On Tue, 2 Apr 2002 [EMAIL PROTECTED] wrote:
> Date: Tue, 2 Apr 2002 14:33:14 -0600
> From: [EMAIL PROTECTED]
> Reply-To: Struts Developers List <[EMAIL PROTECTED]>
> To: [EMAIL PROTECTED]
> Subject: RE: Servlet 2.3 filter
>
> Please forgive my ignorance if this is a well-known thing. I went to
> the Struts BOF and I went to the "Filters can replace Servlets in MVC"
> BOF. I see the concept, but I just don't see how filters are "better"
> than servlets for MVC. Is there documentation or discussion about this
> idea somewhere? I first heard of it at JavaOne. Is it "pre-supposed"
> that Struts will someday become filter-based or did I misunderstand
> that? I see how filters are a good frontend to MVC to make sure
> requests don't circumvent your controller, but it doesn't make sense to
> me that a filter would "be" the controller. What are the community's
> thoughts on that?
This is a really interesting question.
I finally had a chance to review the slides from Kevin Jones's session on
Filters (slides for all the sessions are now available in PDF from
http://java.sun.com/javaone -- this was session 1208).
I won't claim that I agree with everything Kevin proposes about using
Filters as a controller in an MVC environment. In particular, I would not
consider the "hard to track which servlet is associated with which JSP
page(s)" issue to be a problem in MVC. Rather, I consider that
separation to be (one of) the whole points of MVC -- making the business
logic and presentation logic as independent of each other as possible.

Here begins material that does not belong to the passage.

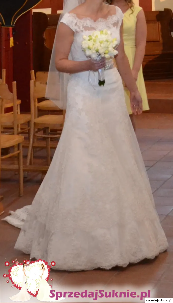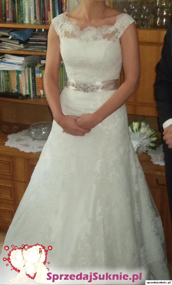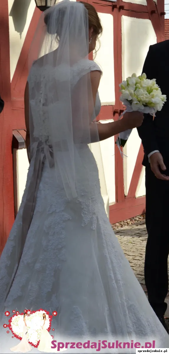 Przepiękna suknia, bardzo wygodna. cała wykonana z koronki, z gorsetem, zapinana z tyłu na guziczki, suknia posiada tren, który można podpiąć na guziczek. Suknia ma też halkę na kole, która jest niezależna i nie trzeba jej zakładać. Ma dodatkowo wykonane z prześlicznej delikatnej koronki bolerko, również zapinane na guziczki z tyłu. Bolero jest z dekoltem w łódkę, przez co pięknie podkreśla ramiona. Kolor to złamana biel. Dodatkowo jest pas w kolorze liliowym, którego oczywiście nie trzeba zakładać. Dodaję także welon. Mogę wysłać więcej zdjęć. Suknia wisi na wieszaku, jest zabezpieczona w odpowiednim futerale. Wymaga oczywiście odświeżenia.

That being said, I can see the following general advantages for using a
Filter as the controller component of Struts:
* UNIVERSALITY - You can actually guarantee that *all* requests really
flow through the controller. Consider the following scenarios in
Struts 1.0 and 1.1:
- In the Struts example app, we want to ensure that the user is always
logged on, and redirect to the login page if not (a very common
requirement in apps that manage their own security). But, in order
to accomplish this guarantee, we've got ugly <app:checkLogon> tags
on all of the pages, because we can't guarantee that the user will
not link directly to a page.
- In the multiple application support of Struts 1.1, there is a current
restriction that all links *must* flow through the controller in order
for the sub-application selection logic to work correctly. We could
get around this by requiring a custom tag on every page again, but
that is clearly not optimal.
Both of these situations can be elegantly handled by mapping a
controller Filter to the "/*" URL pattern, so that it watches every
single request.
* COMPOSABILITY - The current Struts controller logic is very monolithic,
and it is hard to customize exactly what the controller does for you.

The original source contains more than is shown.